== TASK INSTRUCTIONS ==
Nothing but the lines from the one including "農(nóng)戶在大棚內(nèi)查看葡萄長勢" through the last line of the entries, restated exactly, should appear in the answer; omit the pictures.

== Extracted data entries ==
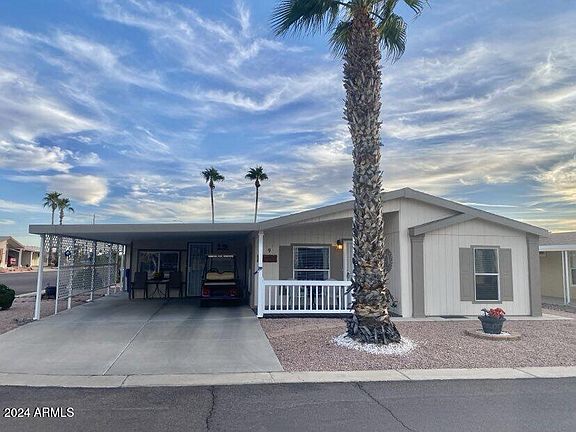 Step inside this charming 2002 CAVCO 3 bed, 2 bath with an added room that acts as a 2nd living room. Features wood colored laminate wood floors, carpet in all the bedrooms and high ceilings. Bright and airy living room, spacious primary bedroom that has a separate walk-in shower with 2 separate closets. The large laundry room includes a washer/dryer for your convenience and a little workshop. The kitchen features all appliances included. The carport is large enough to park a full-sized truck or two cars. The covered patio on the back side of the home is great for entertaining or just relaxing outdoors. The front porch is also nice for relaxing on a beautiful AZ day! This home is turn-key ready for move in. COMES FULLY FURNISHED WITH A GOLF CART AS WELL!
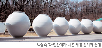 높이 60cm 안팎의 대형 달항아리들은 현대 미감에 맞춰 재창조된 작품들이다. 조선시대 달항아리보다 훨씬 크고, 풍만함보다 준수함에 무게를 실어 날렵함을 더했다.
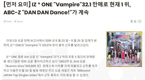 아이즈원 일본 빌보드 3일차 판매량 역대 신기록 달성
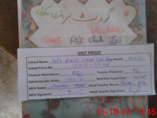| School Visited by School Health & Nutrition Supervisor (No. of Visits) | 1 | Name1: | Javed Maqsood | Name2: | |
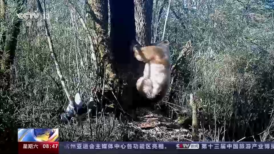 卧龍國家級自然保護區管理局高級工程師劉明衝:這個母熊貓好像發現了,它在樹洞裏面好像聽到聲音了,然後它就有一個動作,跟這個小的熊貓發一個指令,就是這個小的熊貓就趕緊去驅趕這個白熊貓。然後根據這種形態,因為三貓同框的這種情況是很罕見的。我們推測站在樹洞裏面的大熊貓應該是它們的母親。
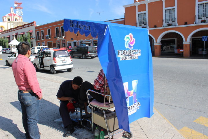 Huamantla, Tlaxcala.- Como parte del reglamento de Pueblos Mágicos, el ayuntamiento de Huamantla a través de la Dirección de Desarrollo Económico y comercio entregó en días pasados toldos solares a boleros de la ciudad, mismos que servirán para mejorar la imagen urbana del municipio.
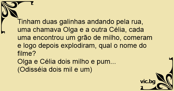 Tinham duas galinhas andando pela rua, uma chamava Olga e a outra Célia, cada uma encontrou um grão de milho, comeram e logo depois explodiram, qual o nome do filme?
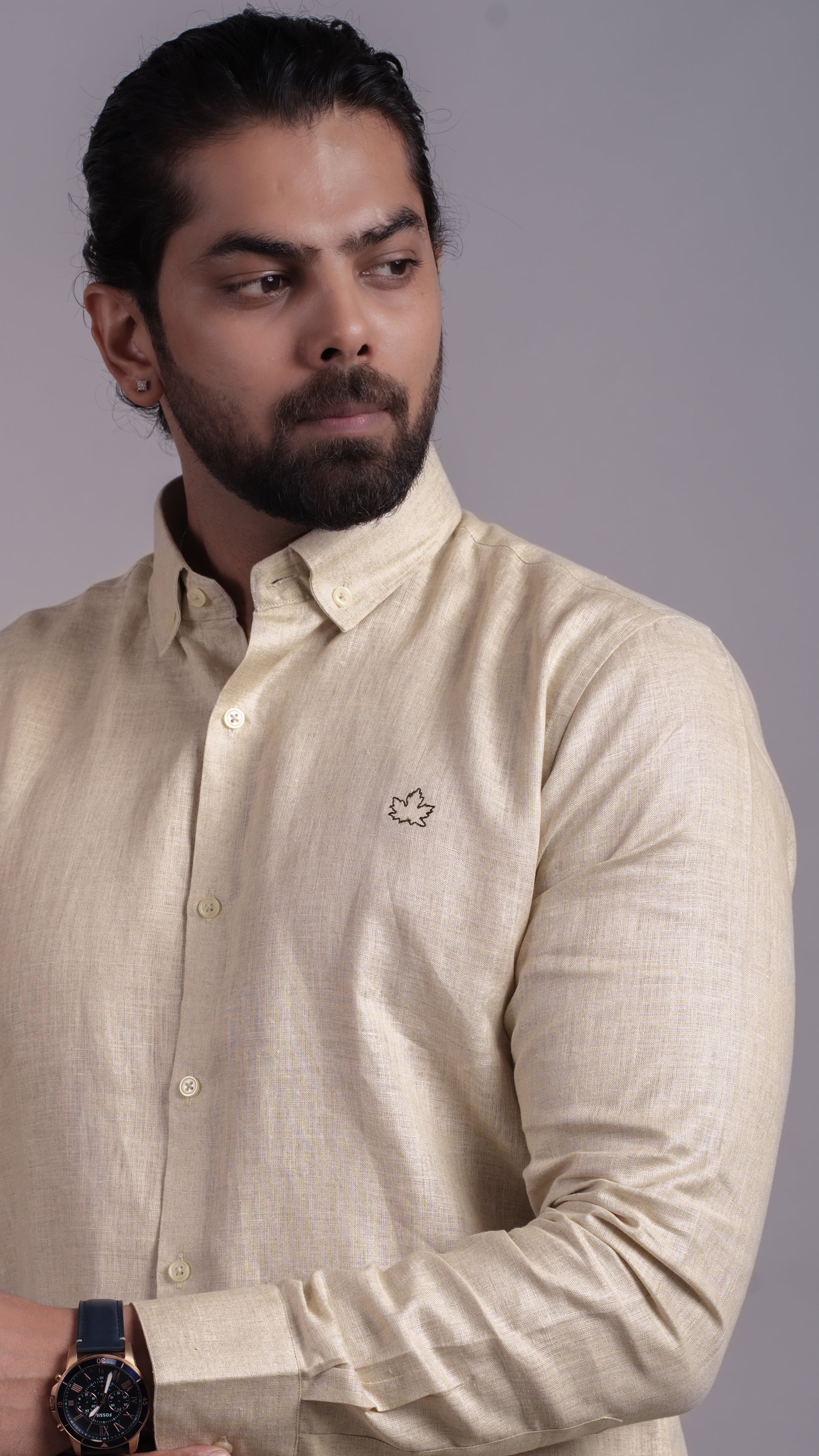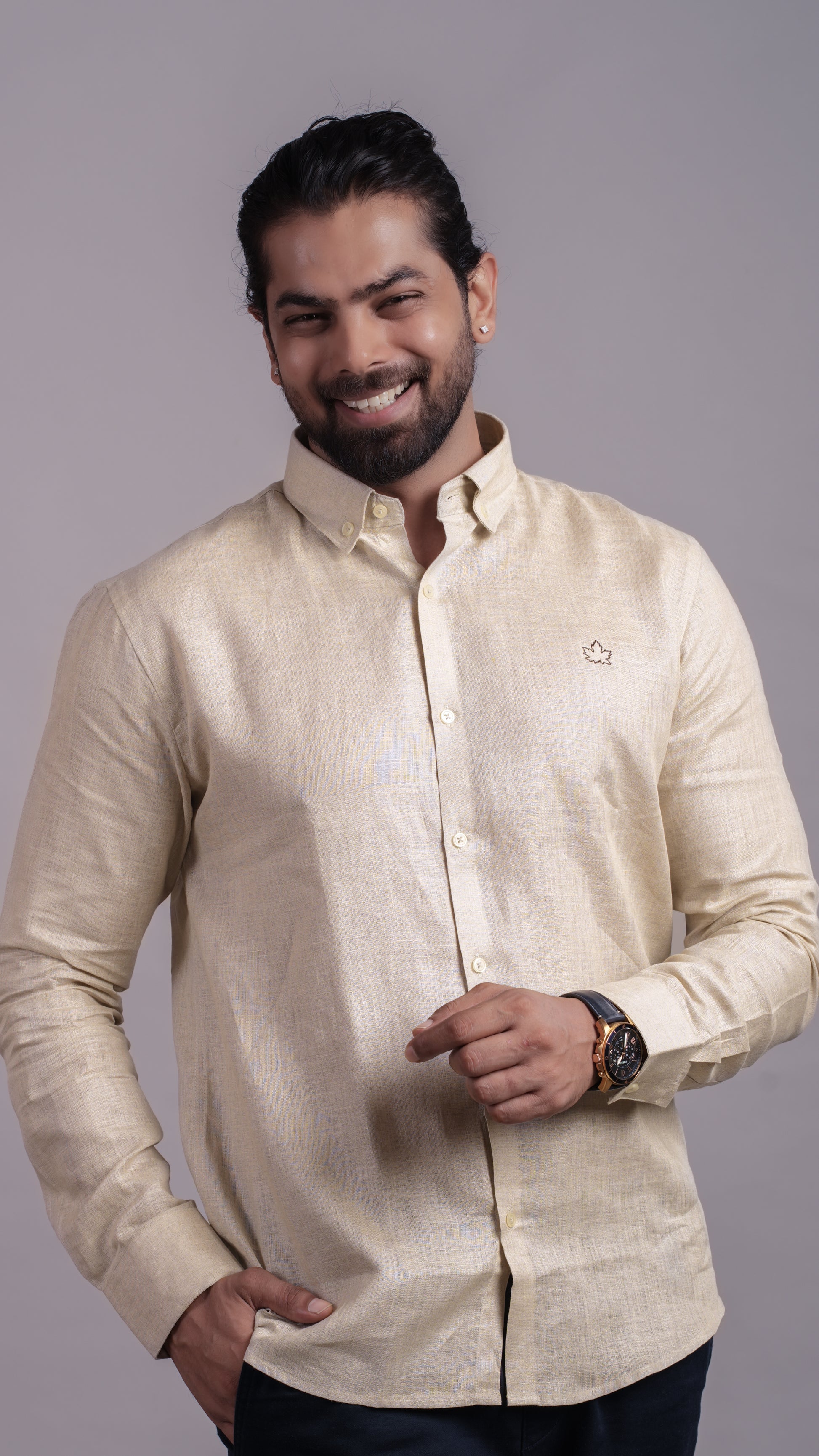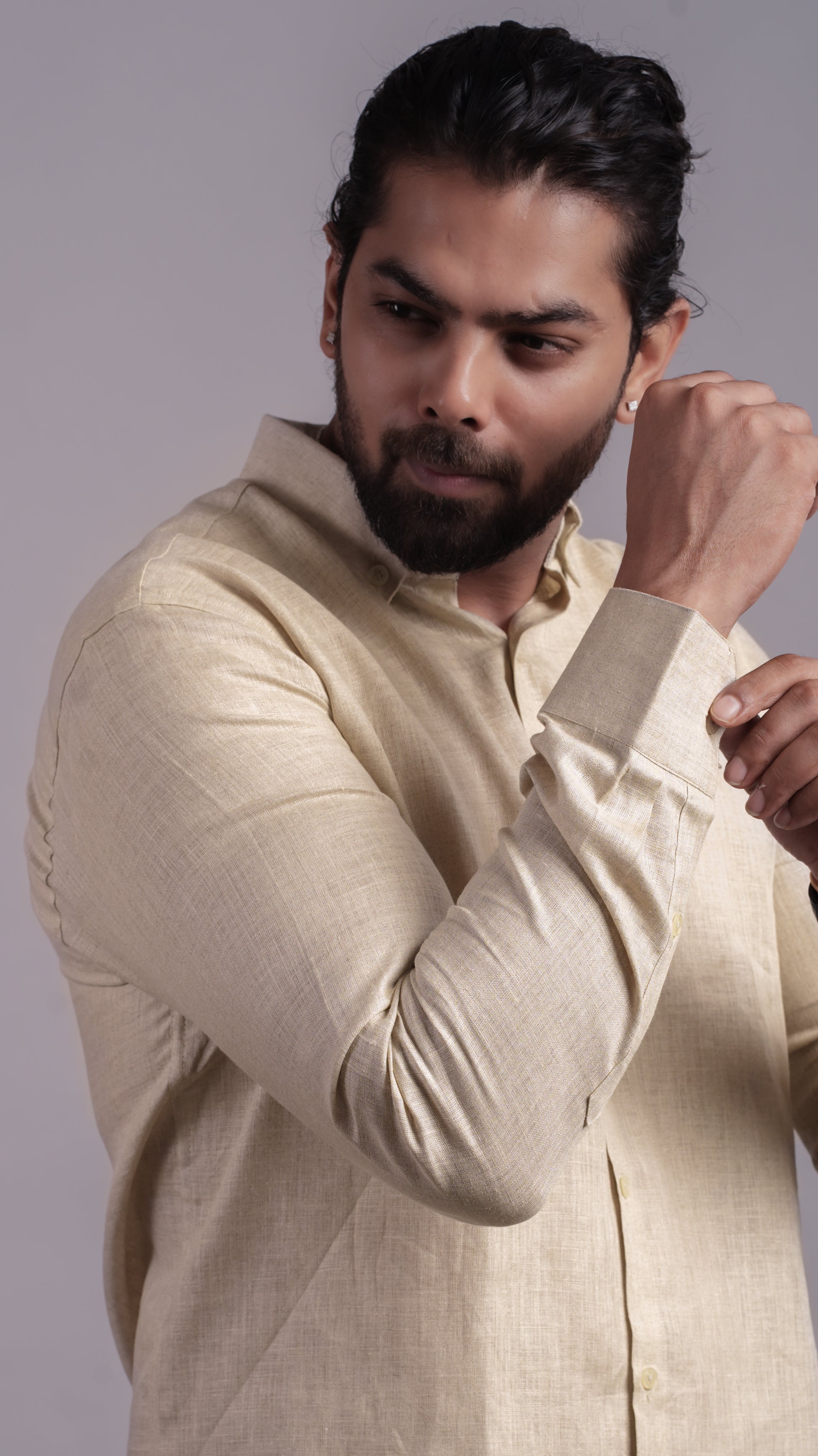 Natural beige button-collar shirt in soft linen. Understated and versatile for work or casual days.
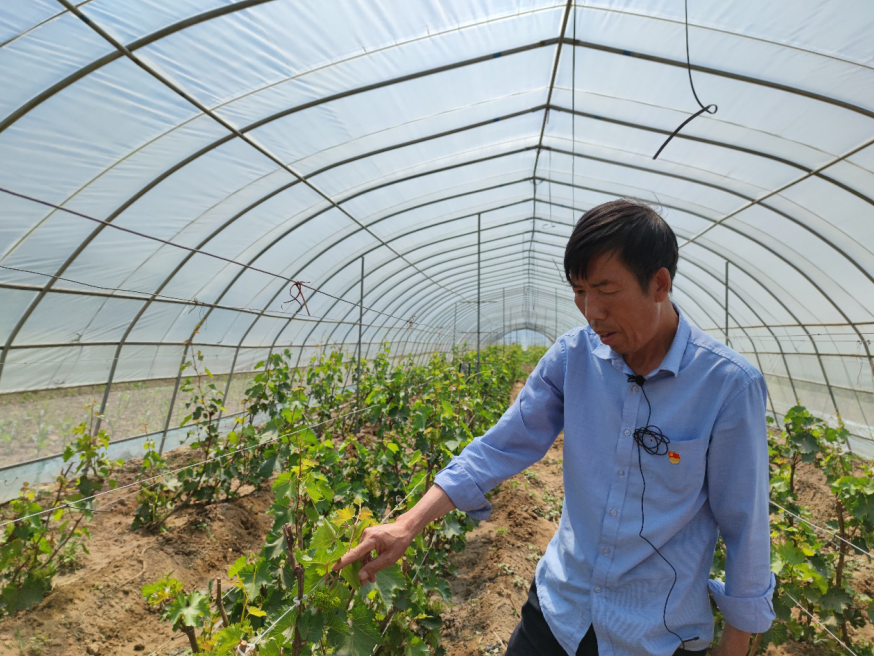 農(nóng)戶在大棚內(nèi)查看葡萄長勢
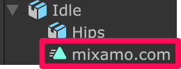 インポート後の FBX ファイルはこの画像のように、その中に Animation Clip が含まれているのでそれを取り出します。
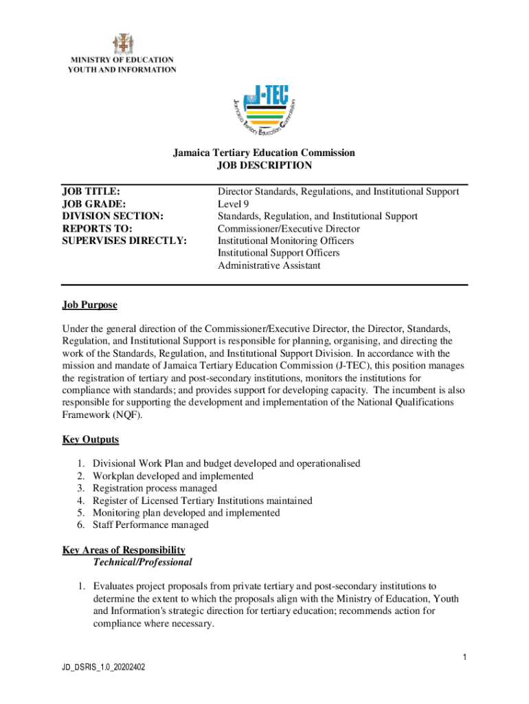 Jamaica Tertiary Education Commission JOB DESCRIPTION JOB TITLE: JOB GRADE: DIVISION SECTION: REPORTS TO: SUPERVISES DIRECTLY:Director Standards, Regulations, and Institutional Support Level 9 Standards,

== YOUR RESPONSE ==
 農(nóng)戶在大棚內(nèi)查看葡萄長勢
 インポート後の FBX ファイルはこの画像のように、その中に Animation Clip が含まれているのでそれを取り出します。
 Jamaica Tertiary Education Commission JOB DESCRIPTION JOB TITLE: JOB GRADE: DIVISION SECTION: REPORTS TO: SUPERVISES DIRECTLY:Director Standards, Regulations, and Institutional Support Level 9 Standards,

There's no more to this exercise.